Quote from: sceptimatic on July 24, 2014, 12:54:00 PM

Quote from: Macpie on July 24, 2014, 12:34:32 PM

Scepti, one of the most famous - for its innovativeness and precision, given the time when it was conducted - experiments related to gravitation is what is known as the Cavendish experiment. It was conducted right at the end of 1700's, and was able to provide the value of gravitational constant with a high precision given it all happened before even year 1800. It involved measuring the force twisting a wire upon which a set of lead orbs of known dimensions and mass was hanged, when a set of much heavier orbs was placed in their vicinity.

Have a read a bit about it if you have time to do this. How would you explain your "denpressure" causing the described behavior?
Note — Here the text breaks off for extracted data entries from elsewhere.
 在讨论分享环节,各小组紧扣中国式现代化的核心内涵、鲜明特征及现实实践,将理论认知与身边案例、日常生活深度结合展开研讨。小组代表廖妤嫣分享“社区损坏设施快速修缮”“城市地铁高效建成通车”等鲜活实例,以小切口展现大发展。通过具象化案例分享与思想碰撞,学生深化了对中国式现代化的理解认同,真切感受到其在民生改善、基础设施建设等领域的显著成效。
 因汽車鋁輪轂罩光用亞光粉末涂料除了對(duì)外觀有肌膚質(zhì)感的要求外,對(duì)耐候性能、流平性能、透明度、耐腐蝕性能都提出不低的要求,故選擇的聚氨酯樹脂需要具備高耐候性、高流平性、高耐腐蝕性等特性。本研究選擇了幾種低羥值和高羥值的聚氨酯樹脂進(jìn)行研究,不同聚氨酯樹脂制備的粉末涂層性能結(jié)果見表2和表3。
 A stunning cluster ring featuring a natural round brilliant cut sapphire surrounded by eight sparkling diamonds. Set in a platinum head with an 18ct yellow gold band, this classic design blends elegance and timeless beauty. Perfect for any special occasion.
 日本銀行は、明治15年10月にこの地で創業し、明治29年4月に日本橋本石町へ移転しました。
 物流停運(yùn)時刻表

And, to keep it all on topic: if the Moon and the Sun are both reflections of the same light source(where the Moon is like a "second" bounce, if I remember correctly what you have said about it a while ago), how comes the Moon can even exist? If the dome is a perfect mirror, as in it reflects the light without scattering in other directions, and at any point of time the Sun is visible on any given point of the "dome" from some place on Earth(meaning that for any elevation and heading of your choosing relative to the surface, there is a place on Earth from which the Sun will be seen exactly at these coordinates), where on the dome is the "last" source for the light which's next "bounce" ends up as what we see as the Moon?

If all of the Earth's Sun is some reflection of the same single original light source, and the reflection from any point of dome ends up shining somewhere on Earth, where on the dome does the Moon's "previous" light actually come from? Or do you claim that light can "perfectly" bounce to several directions at once from a single point and direction?
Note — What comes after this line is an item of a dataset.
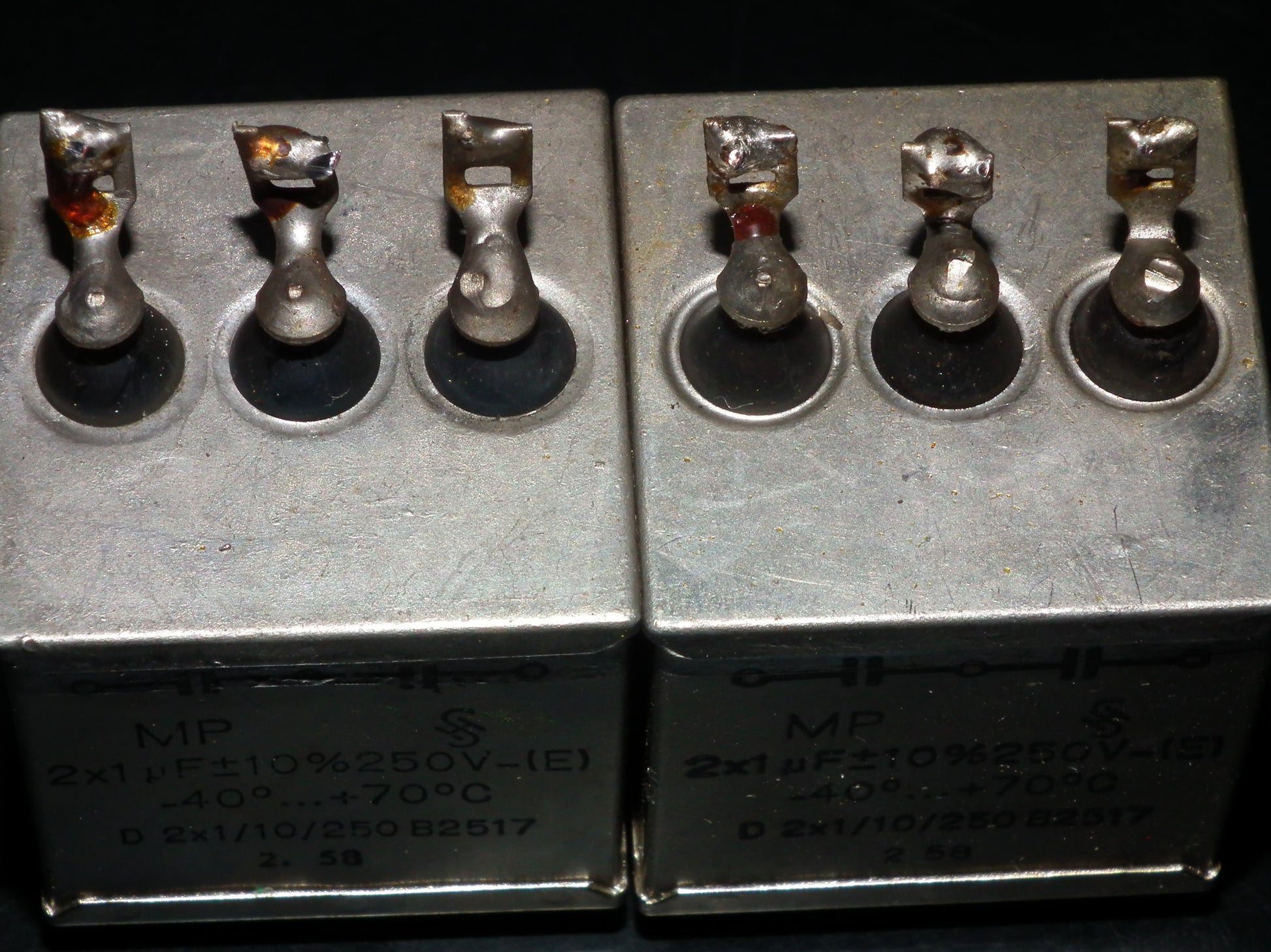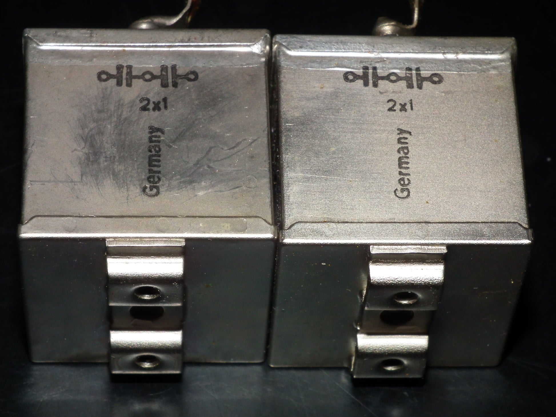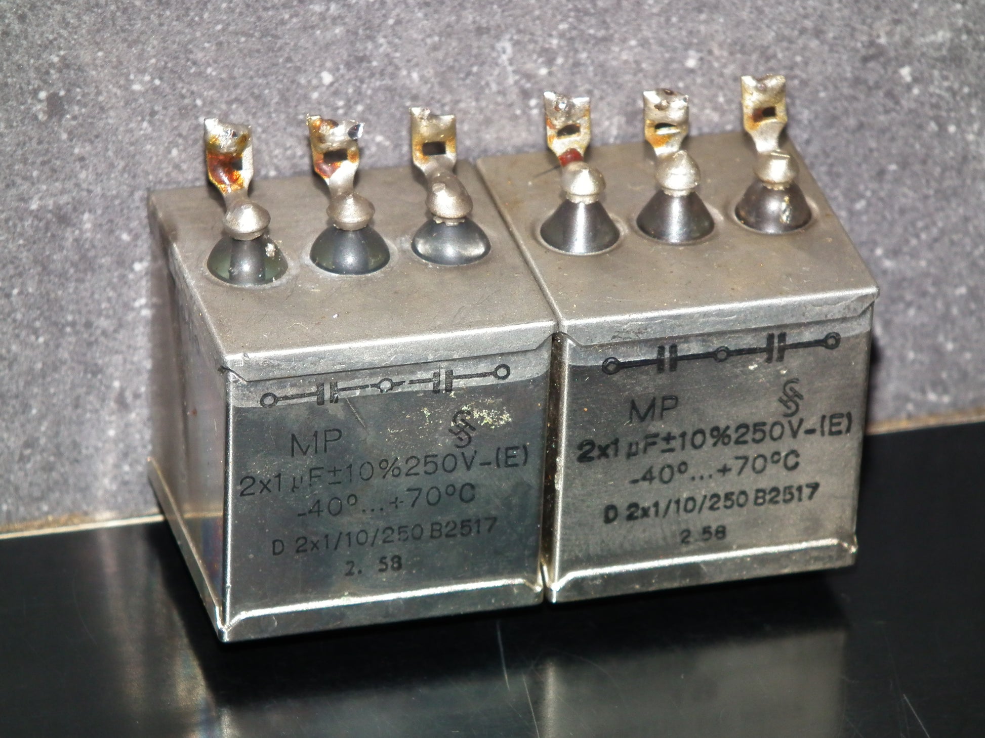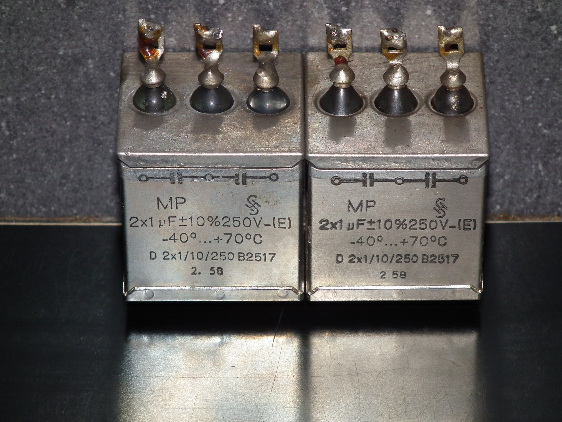 Two (2 pcs) fully tested vintage audio capacitors Siemens Klangfilm 2x1uF 250V, rare and great sounding, ideal for tube amplifiers, made in West Germany in late 50s - early 60s, perfect replacement and upgrade for hi end amplifiers and preamps.

Oh, and the last one about this: how does this match with the fact that relative positions of the Sun and the Moon change all the time?

The sun is on one side, high up and the moon is on the other side down low and vice versa.
At varying times you will see more reflections, known as sun dogs and such like. That's dependent on pressures and atmospheric changes, stuff like that.
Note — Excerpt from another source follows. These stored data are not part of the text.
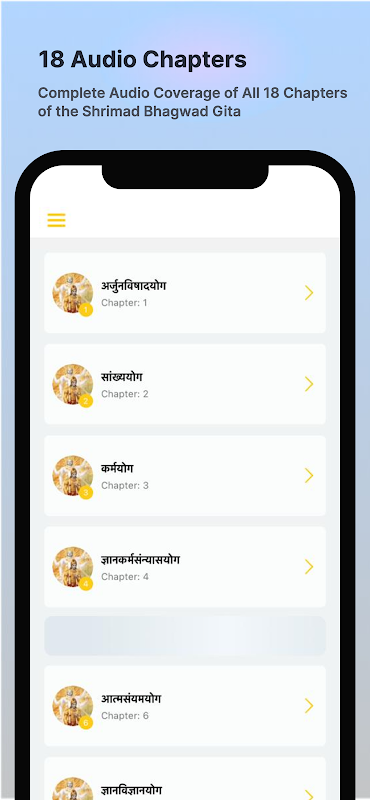 🎧 Copertura audio completa: immergiti in tutti i 18 capitoli della Shrimad Bhagwad Gita attraverso la nostra raccolta audio completa. Ogni capitolo prende vita, fornendoti una comprensione immersiva dei suoi profondi insegnamenti.
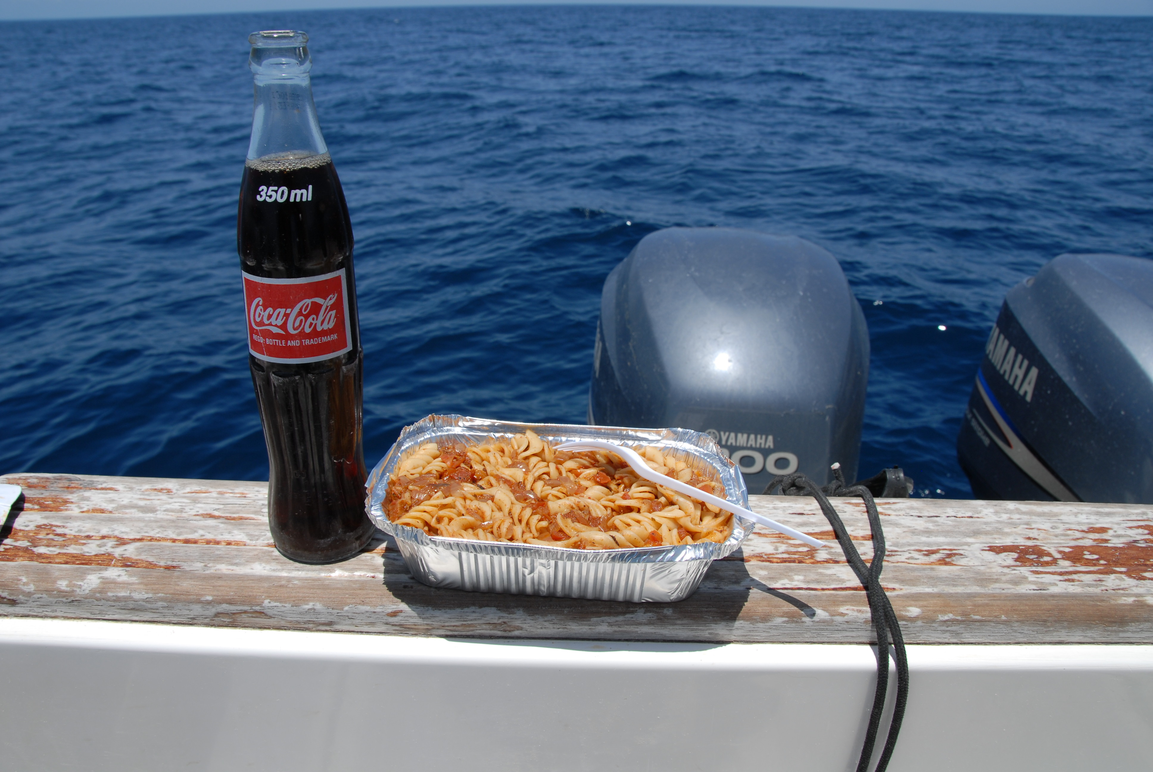 ランチは海上で!!パスタやサンドウィッチ!!美味です。
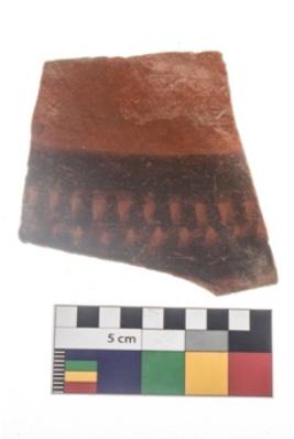 | Description / विवरण | Specimen of potsherd with black decorative geometric painting . |

I'm not sure I follow you here... Do you want to say that the Sun and the Moon are two different sources, kind of on the opposite sides of something, or that it is the same source reflected in a way that the Sun and the Moon appear on the sky on the opposite sides(like the Sun at day, and the Moon at night)? Or do I get you wrong?

No, you basically got it right.

Actually it was kind of an "either or" question - a) these are two separate sources, or b) one source, but two separate reflections. So it seems that it is one single source and sequential reflections perceived as the Sun and the Moon. You say that they appear on the opposite sides of the sky. Then why do we see the Moon at day half of each month?... Even right now, the Moon should be right next to the Sun for the next few days - till 2nd August, more or less. This is by no means "opposite".

Like I said, it depends on atmospheric conditions at the time. It's why you see it sometimes in day time. It is a dome after all, it's going  to produce varying reflections at times, just like when you see 3 suns and stuff. There's loads of weird stuff that can happen.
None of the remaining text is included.